Mémoire : pénurie jusqu’à fin 2030, des puces SK hynix en partie « Made in USA »
Aux États-Unis, une usine SK hynix va ouvrir d’ici deux ans afin de produire des puces de mémoire HBM « Made in USA »… du moins en partie. Dans le même temps, le patron de l’entreprise indique que la pénurie de puces devrait finalement durer jusqu’à fin 2030.
SK hynix est l'un des trois principaux fabricants mondiaux de mémoires vives (RAM) et de puces HBM (High Bandwidth Memory), des composants électroniques essentiels pour les ordinateurs et les serveurs. Ces puces sont particulièrement recherchées depuis l'essor de l'intelligence artificielle (IA) générative, qui nécessite des calculs massifs et une mémoire très rapide. En 2026, SK hynix domine ce marché avec deux concurrents majeurs : Micron et Samsung. L'entreprise sud-coréenne profite de cette demande croissante pour les puces HBM, utilisées notamment dans les GPU (processeurs graphiques) et les serveurs dédiés à l'IA.
Le patron de SK hynix a annoncé que la pénurie de puces HBM ne devrait pas s'atténuer avant fin 2030. Cette situation s'explique par l'explosion des besoins en mémoire vive, liée à l'adoption massive de l'IA générative dans divers secteurs (cloud, data centers, etc.). Les coûts de ces puces ont fortement augmenté en raison de cette tension sur l'offre. Les trois acteurs du marché (SK hynix, Micron, Samsung) en profitent pour augmenter leurs marges, malgré les critiques sur leur gestion de la production. Intel, un ancien acteur du secteur, pourrait revenir sur ce marché après avoir revendu une partie de ses activités à SK hynix il y a quatre ans.
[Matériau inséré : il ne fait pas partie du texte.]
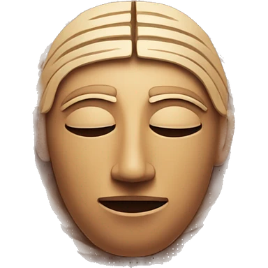 A human face based on Moche heads, with closed eyes, a soft smile, and simple geometric lines. Surrounded by spirals that symbolize knowledge. Colors in earthy tones. emoji

Pour tenter de réduire sa dépendance aux fabrications asiatiques, SK hynix prévoit d'ouvrir une usine aux États-Unis d'ici deux ans (soit vers 2028). Cependant, cette usine ne produira pas des puces de A à Z : elle se concentrera sur l'assemblage final des composants, tandis que la fabrication des wafers (plaques de silicium servant de base aux puces) restera en Corée du Sud. Cette stratégie permet à SK hynix de bénéficier des subventions américaines pour une production locale, tout en maintenant une partie de sa chaîne de valeur en Asie, où les coûts sont moins élevés.
Cette annonce s'inscrit dans une logique de **relocalisation partielle** de la production, encouragée par les États-Unis pour réduire leur dépendance à l'Asie, notamment à la Chine et à Taïwan. Cependant, les commentaires des lecteurs soulignent que cette usine américaine ne changera pas fondamentalement la donne : elle ne produira pas de wafers, et son impact sur les prix ou les volumes restera limité. Certains y voient une stratégie politique plutôt qu'une solution industrielle, avec des aides publiques pour des produits estampillés *« Made in USA »*. L'Europe, quant à elle, pourrait être pénalisée par sa dépendance aux fabricants asiatiques ou américains.